Kiplinger Ranks UVA #2 in 'Best Values in Public Colleges'
Kiplinger Personal Finance Press Release
Washington, D.C. - Kiplinger's Personal Finance has named the 100 best values in public colleges, ranking four-year schools that combine outstanding education with economic value. The University of North Carolina (UNC) at Chapel Hill takes top honors, a spot it has held consistently since Kiplinger's first analysis in 1998. SUNY Geneseo, a small honors college near Rochester, N.Y., places first for out-of-state value. The annual public school rankings appear in Kiplinger's February 2013 issue—on newsstands January 1, 2013—and online now at kiplinger.com/links/college.
Web visitors will find special features, including an FAQ about how the public colleges are ranked, a slide show of the top ten schools, and a tool that lets readers sort by in-state and out-of-state cost, average debt at graduation, and admission rate. In addition, Kiplinger's top 200 private colleges and universities of 2012-13—announced in November 2012—are featured in the Best College Values report.
Why is UNC at Chapel Hill a perennial favorite? Credit its stellar academics, including a graduation rate (77%) that far exceeds the average rate for four-year public schools, a highly competitive admission rate (31%), and a total in-state cost of $18,609 a year. That's a bargain compared with private schools, which run an average of $39,518 a year, according to the College Board, and within the range of the average for public schools, at $17,860. SUNY Geneseo tops the listing for out-of-state value, thanks to its reasonable total cost ($27,769 for out-of-staters, compared with an average of $30,911) and its solid academics.
This year, five California schools landed in the top 20 despite a 72% rise in tuition fees since 2007-08. UC institutions charge the five highest total amounts for in-state students (and the six highest total amounts for out-of-staters) among Kiplinger's top 100 public schools. For UC schools, academics are key. Sixth-ranked UCLA ($26,888 in-state) admits just 25% of applicants, with 44% topping 700 on the math portion of the SATs and 22% exceeding 700 on the verbal portion. Fortunately, most students don't pay the shocking sticker prices. UC schools offset their high cost with liberal financial aid.
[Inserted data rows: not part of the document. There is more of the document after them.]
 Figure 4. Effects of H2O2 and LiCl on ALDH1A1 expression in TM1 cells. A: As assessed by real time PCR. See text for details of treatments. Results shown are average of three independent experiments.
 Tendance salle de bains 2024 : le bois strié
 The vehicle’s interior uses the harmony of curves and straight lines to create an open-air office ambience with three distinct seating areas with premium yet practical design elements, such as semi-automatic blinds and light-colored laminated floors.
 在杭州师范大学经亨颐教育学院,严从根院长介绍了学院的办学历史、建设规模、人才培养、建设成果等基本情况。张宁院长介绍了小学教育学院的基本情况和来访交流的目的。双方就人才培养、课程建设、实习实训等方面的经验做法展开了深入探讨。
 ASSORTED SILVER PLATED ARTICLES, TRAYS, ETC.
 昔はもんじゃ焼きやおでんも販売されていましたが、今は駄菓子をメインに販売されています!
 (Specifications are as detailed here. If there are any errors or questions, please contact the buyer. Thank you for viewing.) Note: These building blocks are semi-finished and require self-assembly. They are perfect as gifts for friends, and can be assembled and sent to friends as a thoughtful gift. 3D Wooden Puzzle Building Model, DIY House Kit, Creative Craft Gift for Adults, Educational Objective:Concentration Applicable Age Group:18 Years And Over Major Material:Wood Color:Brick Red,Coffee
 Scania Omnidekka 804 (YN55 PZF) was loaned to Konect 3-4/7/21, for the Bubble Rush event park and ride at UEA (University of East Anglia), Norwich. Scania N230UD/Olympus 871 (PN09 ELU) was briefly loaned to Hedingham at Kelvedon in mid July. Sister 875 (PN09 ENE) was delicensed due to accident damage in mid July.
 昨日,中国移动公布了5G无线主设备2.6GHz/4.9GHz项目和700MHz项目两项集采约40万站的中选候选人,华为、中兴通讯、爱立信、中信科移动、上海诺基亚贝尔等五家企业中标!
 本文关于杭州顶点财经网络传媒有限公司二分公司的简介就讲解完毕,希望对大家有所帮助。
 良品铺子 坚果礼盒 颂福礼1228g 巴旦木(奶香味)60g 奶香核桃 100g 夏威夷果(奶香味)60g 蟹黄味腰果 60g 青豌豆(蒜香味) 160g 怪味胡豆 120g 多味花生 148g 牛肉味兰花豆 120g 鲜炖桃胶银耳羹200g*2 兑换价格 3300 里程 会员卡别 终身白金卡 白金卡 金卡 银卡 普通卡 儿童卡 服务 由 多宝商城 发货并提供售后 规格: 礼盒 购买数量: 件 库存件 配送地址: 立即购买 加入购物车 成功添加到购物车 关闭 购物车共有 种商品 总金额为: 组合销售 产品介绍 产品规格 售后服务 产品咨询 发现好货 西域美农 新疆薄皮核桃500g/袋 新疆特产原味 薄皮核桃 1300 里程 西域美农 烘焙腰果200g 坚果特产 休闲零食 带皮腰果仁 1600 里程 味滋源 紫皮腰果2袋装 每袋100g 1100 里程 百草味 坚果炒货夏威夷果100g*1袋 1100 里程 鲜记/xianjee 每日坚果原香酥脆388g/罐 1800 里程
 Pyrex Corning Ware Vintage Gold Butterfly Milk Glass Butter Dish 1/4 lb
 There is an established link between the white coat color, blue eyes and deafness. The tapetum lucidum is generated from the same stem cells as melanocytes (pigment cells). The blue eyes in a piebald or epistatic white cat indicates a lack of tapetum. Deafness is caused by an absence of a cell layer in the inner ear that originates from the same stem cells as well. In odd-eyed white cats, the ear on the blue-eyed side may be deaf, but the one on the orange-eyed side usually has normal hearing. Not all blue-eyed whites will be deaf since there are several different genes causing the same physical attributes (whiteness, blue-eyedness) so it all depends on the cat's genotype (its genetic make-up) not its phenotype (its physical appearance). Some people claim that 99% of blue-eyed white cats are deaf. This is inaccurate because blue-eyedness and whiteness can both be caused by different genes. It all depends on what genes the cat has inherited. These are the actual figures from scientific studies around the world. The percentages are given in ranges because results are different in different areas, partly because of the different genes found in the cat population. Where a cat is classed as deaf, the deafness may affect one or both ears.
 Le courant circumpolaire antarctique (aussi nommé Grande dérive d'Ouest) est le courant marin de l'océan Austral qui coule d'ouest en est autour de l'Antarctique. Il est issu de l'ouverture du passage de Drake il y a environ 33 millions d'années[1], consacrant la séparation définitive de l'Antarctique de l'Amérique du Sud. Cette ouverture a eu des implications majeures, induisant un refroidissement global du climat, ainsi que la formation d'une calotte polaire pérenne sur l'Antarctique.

"We applaud this year's top 100 schools for their efforts to maintain academic standards while meeting the financial needs of their students," said Janet Bodnar, editor of Kiplinger's Personal Finance.
Kiplinger's assesses quality according to a number of measurable standards, including the admission rate, the percentage of students who return for sophomore year, the student-faculty ratio and the four-year graduation rate. Cost criteria include low sticker prices, abundant financial aid and low average debt at graduation.